Mas, ao mesmo tempo, os sintomas naqueles com vício em amor são semelhantes aos da dependência de substâncias. As regiões do cérebro e os neurotransmissores que são ativados pela dependência de substâncias também são acionados quanto temos problemas de relacionamento não saudáveis.

Portanto, o que está claro até o momento é que podemos ter comportamentos prejudiciais e viciantes em relação ao amor, e em torno de suas ideias.

Como alguém pode ser viciado em amor?

O viciado em amor prioriza os relacionamentos e a atenção dos outros, acima de qualquer coisa.

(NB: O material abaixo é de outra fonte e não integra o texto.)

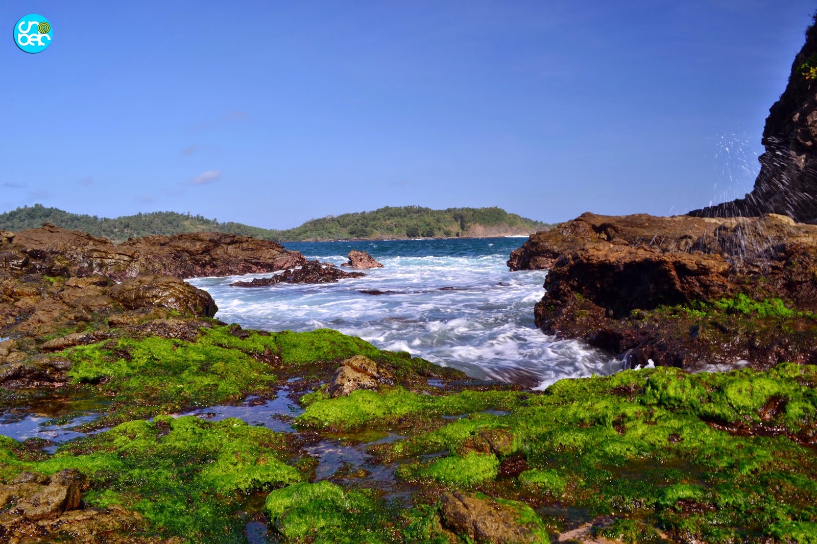 Untuk mendekat di batu karang yang besar, agan harus melewati bebatuan. Terus terang ketika baru aja sampai ane langsung ingin mendekat di batu karang yang besar. Padahal waktu itu air laut sedang pasang. Nach ini manfaat sebagai landscaper gan, kita jadi tahu perilaku alam. Air laut biasa pasang sekitar jam 9.00 - 14.00 setelah itu surut & biasa pasang lagi sekitar jam 18.00 an. Karena hasrat ingin mendekat tak terbendung maka ane mencoba melangkahkan kaki. Baru sampai di bebatuan di tengah, tiba-tiba ombak besar datang dari arah timur & barat. Karuan saja ane panik karena sambil pegang kamera & tripod lagian ane juga pake sepatu. Byur,,, astagfirulloh,,, untung aja ane sergap menuju batu yang agak tinggi. Setelah ombak mereda, ane putuskan untuk kembali sambil menunggu air laut surut. Huft,,, jantung masih berdetak kencang. Sambil menanti surut ane sholat dzuhur dulu kemudian makan siang. Nach kalo agan kemari jangan lupa bawa bekal lho, karena disini nihil dari warung. Terik matahari menunjukkan jam 14.00 & air laut mulai surut. Bebatuan yang dari pagi tenggelam kini mulai bermunculan. Lets do it again,,,, Dengan semangat menggebu-gebu ane mulai melewati bebatuan. Setelah beberapa langkah tiba-tiba terjadilah. Brak,,,, astagfirulloh ane jatuh terpeleset di batu yang ada lumutnya. Masih dengan membawa kamera & iDevice tapi tubuh ini sudah beralaskan batu. Baju & celana ane kotor banget dach. Dan siku tangan kiri lecet serta kaki kiri merah lebam. Tak lama kemudian ane lanjutkan untuk menuju bebatuan besar. Dan Alhamdulillah akhirnya sampai,,,

Ele tem um crença oculta de que não é inteiro do jeito que está, mas precisa de outra pessoa para completá-la e fazê-la se sentir feliz. A vítima do viciado em amor tem a sensação de ser engolfada por outro.

Sintomas do vício em amor

Os sintomas do vício em amor incluim:

  • Constantes pensamentos e buscas por um relacionamento;
  • Pensar e falar sem parar sobre seu atual ou último relacionamento;
  • Apressar-se em relacionamentos que tendem a ser confusos e intensos;
  • Sentir-se “nas nuvens” quando está com um parceiro ou interesse amoroso, e desanimado quando sozinho;
  • Mudar sua vida para se adequar ao relacionamento e ao seu parceiro;
  • Sempre à espreita e ansiando por atenção, mesmo de estranhos;
  • Medo de compromisso, mas também medo de ser abandonado;
  • Sentimentos de pânico se o parceiro/objeto amoroso discorda ou desaprova você;
  • Baixa autoestima e crenças de que você não é realmente adorável.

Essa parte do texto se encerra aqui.